<<<<

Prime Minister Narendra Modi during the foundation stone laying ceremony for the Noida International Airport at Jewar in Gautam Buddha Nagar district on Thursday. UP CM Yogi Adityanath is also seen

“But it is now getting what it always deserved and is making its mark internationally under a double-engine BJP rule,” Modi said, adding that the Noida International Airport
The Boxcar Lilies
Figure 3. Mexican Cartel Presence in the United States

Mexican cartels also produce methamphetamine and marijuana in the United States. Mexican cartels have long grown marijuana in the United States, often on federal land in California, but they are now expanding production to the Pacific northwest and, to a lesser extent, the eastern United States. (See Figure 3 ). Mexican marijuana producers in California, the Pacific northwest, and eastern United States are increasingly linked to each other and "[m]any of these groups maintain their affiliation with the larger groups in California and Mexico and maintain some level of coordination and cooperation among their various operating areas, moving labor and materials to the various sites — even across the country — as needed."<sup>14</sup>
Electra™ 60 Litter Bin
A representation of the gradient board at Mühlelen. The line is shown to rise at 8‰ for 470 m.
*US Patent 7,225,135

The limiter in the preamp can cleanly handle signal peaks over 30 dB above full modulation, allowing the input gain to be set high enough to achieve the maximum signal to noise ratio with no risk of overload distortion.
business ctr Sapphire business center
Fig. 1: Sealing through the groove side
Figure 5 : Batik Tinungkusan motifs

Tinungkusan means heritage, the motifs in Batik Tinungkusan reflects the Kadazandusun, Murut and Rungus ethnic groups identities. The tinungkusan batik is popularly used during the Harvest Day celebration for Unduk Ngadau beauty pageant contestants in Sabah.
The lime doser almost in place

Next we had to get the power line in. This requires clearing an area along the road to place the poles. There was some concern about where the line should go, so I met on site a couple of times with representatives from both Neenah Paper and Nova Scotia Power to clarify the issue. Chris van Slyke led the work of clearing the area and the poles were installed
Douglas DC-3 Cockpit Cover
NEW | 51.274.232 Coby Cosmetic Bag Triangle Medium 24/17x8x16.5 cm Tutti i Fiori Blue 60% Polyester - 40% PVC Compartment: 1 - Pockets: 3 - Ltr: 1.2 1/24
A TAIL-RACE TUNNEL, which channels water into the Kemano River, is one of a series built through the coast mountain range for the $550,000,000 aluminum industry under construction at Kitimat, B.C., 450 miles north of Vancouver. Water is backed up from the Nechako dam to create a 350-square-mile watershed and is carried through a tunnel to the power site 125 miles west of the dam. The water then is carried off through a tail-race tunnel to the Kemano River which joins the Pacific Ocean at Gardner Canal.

>>>>

- **WHAT IS BEING ASKED**
Out of the listing above, reproduce exactly the lines from the one with "Douglas DC-3 Cockpit Cover" up to and including the one with "NEW | 51.274.232".

- **OUTPUT FOR THIS EXERCISE**
Douglas DC-3 Cockpit Cover
NEW | 51.274.232 Coby Cosmetic Bag Triangle Medium 24/17x8x16.5 cm Tutti i Fiori Blue 60% Polyester - 40% PVC Compartment: 1 - Pockets: 3 - Ltr: 1.2 1/24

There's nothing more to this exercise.